I wouldn't get so down on 'the inquirer'. It's obvious what it is.. it's just a tech news related tabloid. They publish rumors and opinion peices and weird crap like this article. It's ment for more entertainment then actual serious news.

But this article is obvious BS.
 
Originally posted by: rdubbz420
I hope its true. better to fix it now instead of having 4 service packs later.


Generally.. as in 98% of the time.. rewriting software generally lands you a product that is worse then what you started off with.

This is because your going to end up replacing a familar, proven, and debugged code base with a replacement program that is not familar, unproven, and full of new bugs (any code has bugs as sure as death and taxes) as well as probably not matching the old one for features.

The only time that you'd want to actually rewrite something is when you've learned so much new stuff that old design choices for your program are so bad that it makes sense to simply get rid of it because working with the old code will slow you down worse then actually starting from scratch again...

That has already happenned with Windows once already.

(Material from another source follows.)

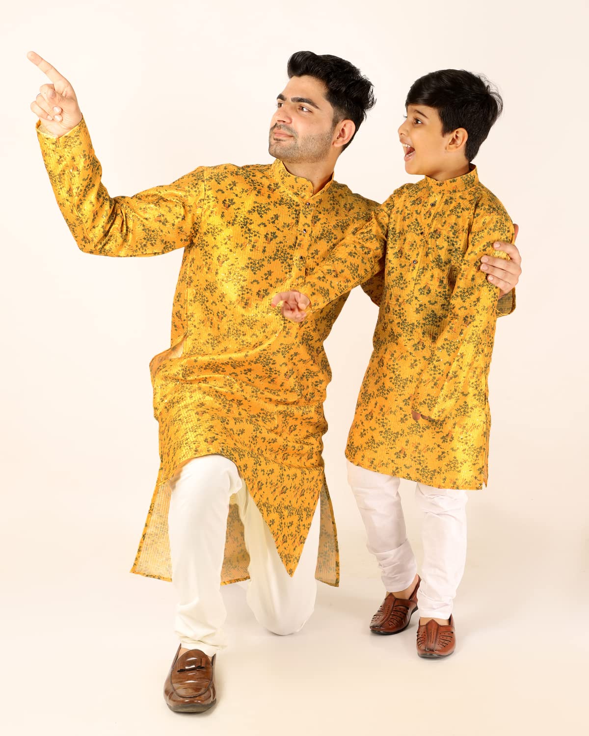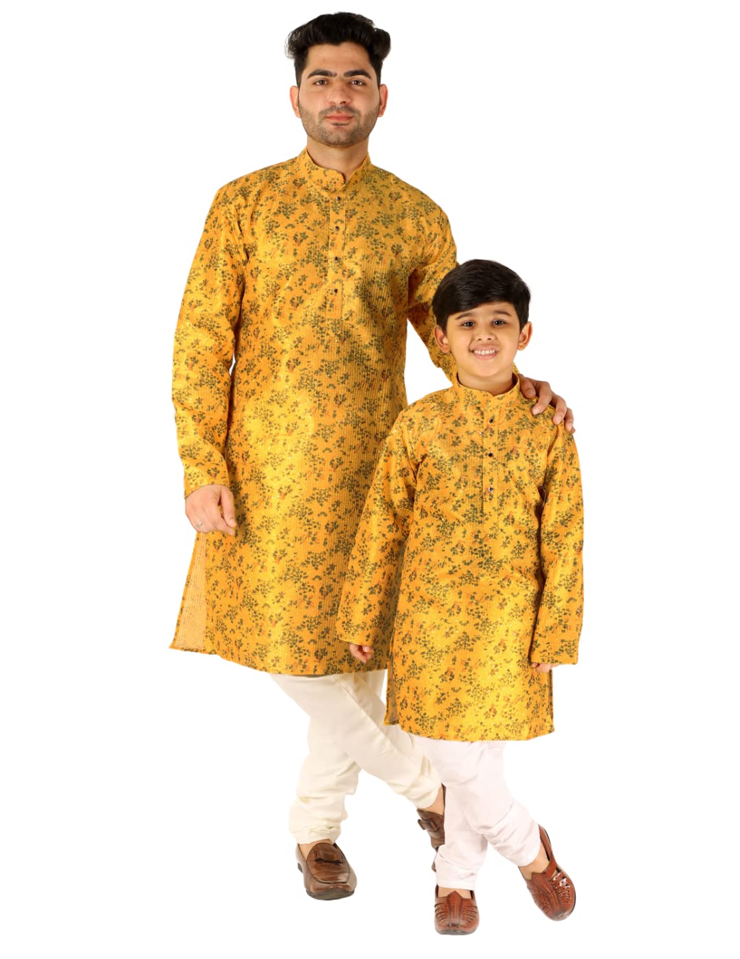 Pro-Ethic Style Developer Men’s & Boys Silk Printed Father Son Matching Ethnic Wear Kurta Pyjama Set (Combo) B-107

When Microsoft took what they learned from Dos/Win9x stuff as well as their Unix background and wrote NT.

But nobody, even Microsoft, can afford to write new operating systems anymore. What you have is what you are stuck with.

In fact rewriting even 60% of the current Window NT/2000/XP code base is probably such a bad idea that it would be VERY fatal to Microsoft. It would probably put them out of business and Vista would be a total hunk of crap. It would probably take another 3 years of programming and testing to get a new code base up to the same polish as XP/2003 stuff is.

 
I hope its true. better to fix it now instead of having 4 service packs later.

No it's not, incremental fixes are much easier to test and keep track of. A complete rewrite would introduce more bugs than it fixed.